The impugned decision
The crucial issue in this case was the grandmother’s attitude towards her son, and her belief that he was innocent of the assault and manslaughter of RE. This had been a consistent theme throughout the case and an independent social worker referred to it as “still a current issue”.
In assessing the above issues at the review hearing, Judge McCaffrey argued that “there would have to be an acknowledgment from the grandmother of the reality of the situation and there would have to be a lot of trust rebuilt”.
Judge McCaffrey concluded that, given the grandmother’s stance, “I do not think it is helpful for this court to make any order at the moment or to prolong the matter”. The grandmother’s applications were then dismissed on a without prejudice basis.
The main thrust of the appeal was that the grandmother was denied a fair hearing. She also claimed that Judge McCaffrey also dismissed the application at what was a review hearing, and without hearing from the grandmother, and that the judge did not allow her to test the evidence of the mother and the independent social worker.
In considering the decision of the court, the judge noted that this had been a long, ongoing dispute, and that the evidence on each side “displayed a significant difference of approach between the mother and the grandmother”.
The case had been before the court for over two years, and the relationship between the mother and the grandmother had not changed. As the court noted: “The grandmother did not accept the fact that her son had killed RE and by June 2022 her view had not changed.”
The grandmother stated that she accepted the verdict of the jury. However, the judge noted that this was not a “significant concession”, but merely an incontestable fact.
The real issue, the judge argued, was whether the grandmother accepted that her son killed RE. She did not. Bearing this in mind, the court found that Judge McCaffrey was fully cognisant of this fundamental issue and correctly, as it turned out, had significant doubts about the ability of the grandmother to modify her thinking.
This issue was also the core issue in relation to any future relationship with her grandson. The court emphasised that there were obvious welfare issues for MA, including safeguarding issues, issues concerning developing a narrative for MA, and how contact can be commenced and maintained.
Fundamentally, the judge claimed, there was an issue of the lack of trust between the mother and the grandmother: “The evidence points to the grandmother prioritising her relationship with her son over the relationship with her grandson.”
All of this evidence was available to Judge McCaffrey when she was conducting the review hearing. The court noted that the judge was also bound by the terms of Article 3 of the Children (NI) Order 1995, which provides that the welfare of the child is the paramount consideration.
In all the circumstances, the choices facing Justice McCaffery were further delay, no real change in the attitude of the grandmother, and no likelihood of any change in the near future. Further hearings were likely to be futile.
The judge argued that “the off chance of a genuine change of heart was never going to be in MA’s interest”.
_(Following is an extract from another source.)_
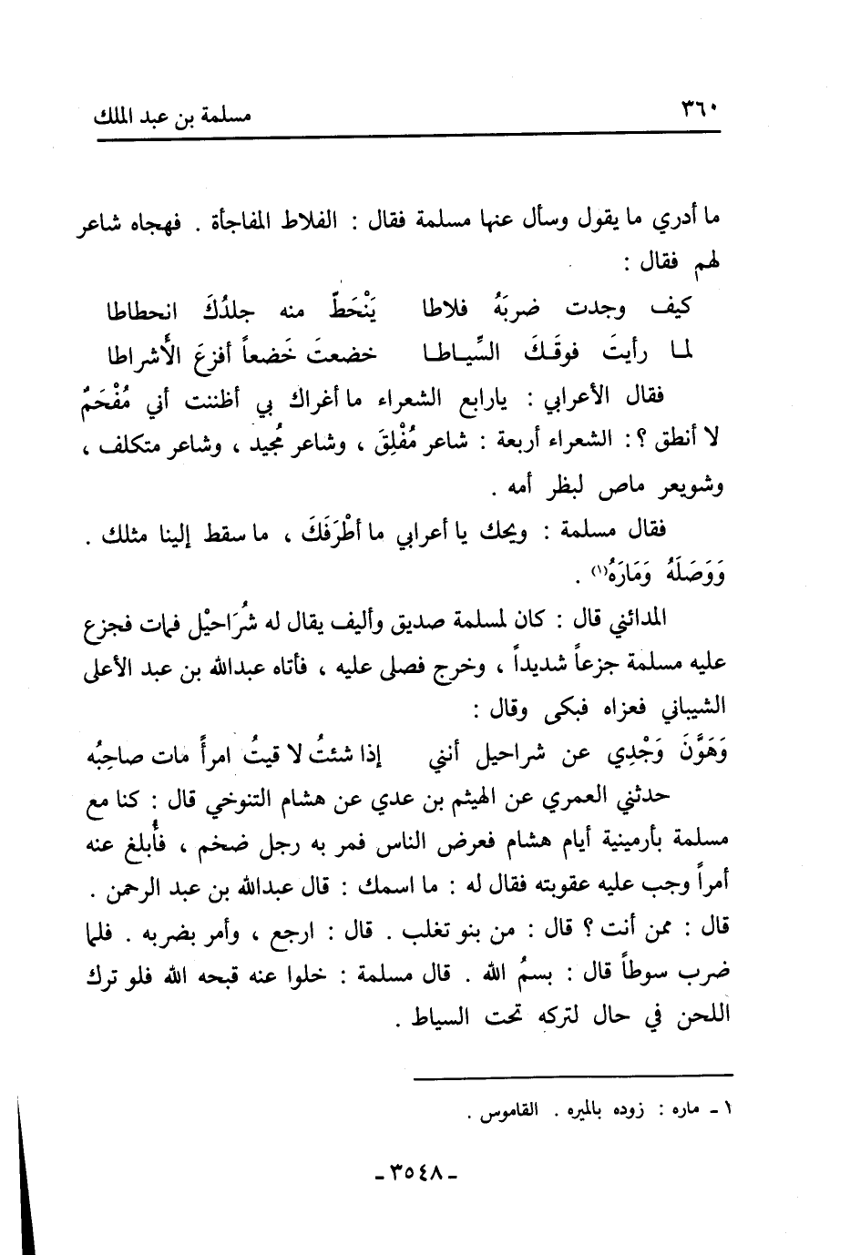 قال: ممن أنت؟ قال: من بنو تغلب. قال: ارجع، وأمر بضربه. فلما ضرب سوطا قال: بسم الله. قال مسلمة: خلوا عنه قبحه الله فلو ترك اللحن في حال لتركه تحت السياط.

The court noted that in dismissing the application “without prejudice”, Judge McCaffrey was not dismissing the grandmother’s case on the merits, but she was “basically telling the grandmother to reflect on her position and to return to court, if necessary, when she was in a position to prioritise the interests of MA above those of her own son”.
Ultimately, the court did not consider that Judge McCaffrey’s decision was wrong. It was a decision within her discretion, carried out following an appropriate balancing exercise, which had the welfare of MA at its heart.
The court therefore dismissed the grandmother’s appeal.